We provide a Conda environment file for easy setup:

# Clone the repository
git clone https://github.com/Imran2205/LogicRAG.git
cd LogicRAG

# Create and activate conda environment
conda env create -f environment.yaml
conda activate lrag

After activating the environment, compile the following script for the Mask2Former model:

cd perception_module/segmentation/Mask2Former-mod/modeling/pixel_decoder/ops
sh make.sh

Download Pre-trained Models and Precomputed Knowledge Base

Download all the pre-computed knowledge base for KITTI and model weights from the following link: Pre-trained Models & KB (Google Drive)

Extract the downloaded file to the root of this repository.

Alternatively, you can download and extract the file using the following commands:

gdown 14vRnzCDD9rw63Os3w-Ii4ZF_352y__km

unzip LogicRAG_Data.zip

Download KITTI Dataset

Download the left color images of KITTI object tracking dataset from KITTI website.

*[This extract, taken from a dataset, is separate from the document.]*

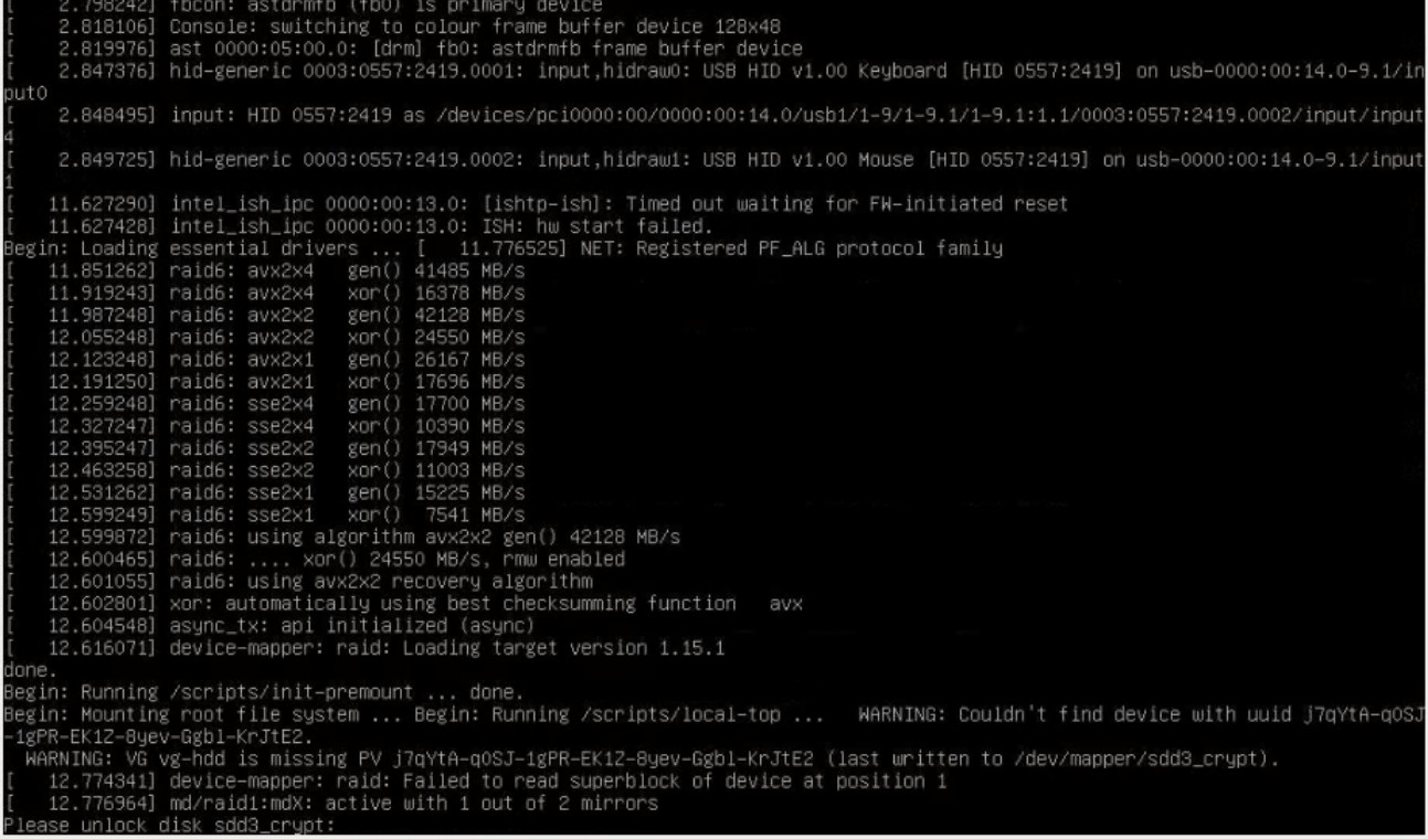 /lib/cryptsetup/askpass "Automatic disk unlock via TPM failed for () Enter passphrase: "

Test Logic-RAG Using Precomputed Data

To run the inference using precomputed knowledge base and tracker trajectories, run:

cd kb_framework/kb_inference

python inference_in_kb.py \
  --csv ../kitti_questions/kitti_que.csv \
  --fol_trans_csv ./translated_queries/question_query_kitti_llama33.csv \
  --kb_dir ../../LogicRAG_Data/precomputed_knowledge_base/kb_out_kitti \
  --tracker_dir ../../LogicRAG_Data/tracker_trajectories/track_out_kitti \
  --output logic_rag_response.csv

Usage

The Logic-RAG pipeline consists of several components that need to be run sequentially to generate the knowledge base and perform inference.

steps.

1. Perception Module

1.1 Segmentation (Mask2Former)

Generate semantic segmentation masks for scene understanding using the following commands:

cd perception_module/segmentation/Mask2Former-mod

mkdir ../../../track_in_kitti_test/

python demo/demo.py --config-file ./configs/cityscapes/panoptic-segmentation/swin/maskformer2_swin_large_IN21k_384_bs16_90k.yaml \
  --input /data/datasets/KITTI/MOT/testing/image_02/*/*.png \
  --output ../../../track_in_kitti_test/ \
  --opts MODEL.WEIGHTS ../../../LogicRAG_Data/model_weights/Mask2Former/model_final_064788.pkl

1.2 Depth Estimation (PixelFormer)

To generate depth maps for the scene, run:

cd perception_module/depth/PixelFormer-mod

python pixelformer/test_lrag.py configs/arguments_test_kitti_depth.txt

The configuration file should contain:

--model_name pixelformer_kittieigen
--encoder large07
--dataset kitti
--input_height 352
--input_width 1216
--max_depth 80
--do_kb_crop

--data_path /data/datasets/KITTI/MOT/testing
--filenames_file ./data_splits/kitti_lrag_test.txt
--checkpoint_path ../../../LogicRAG_Data/model_weights/PixelFormer/kitti.pth
--output ../../../track_in_kitti_test/

Please replace data_path value with the actual path to KITTI MOT test dataset.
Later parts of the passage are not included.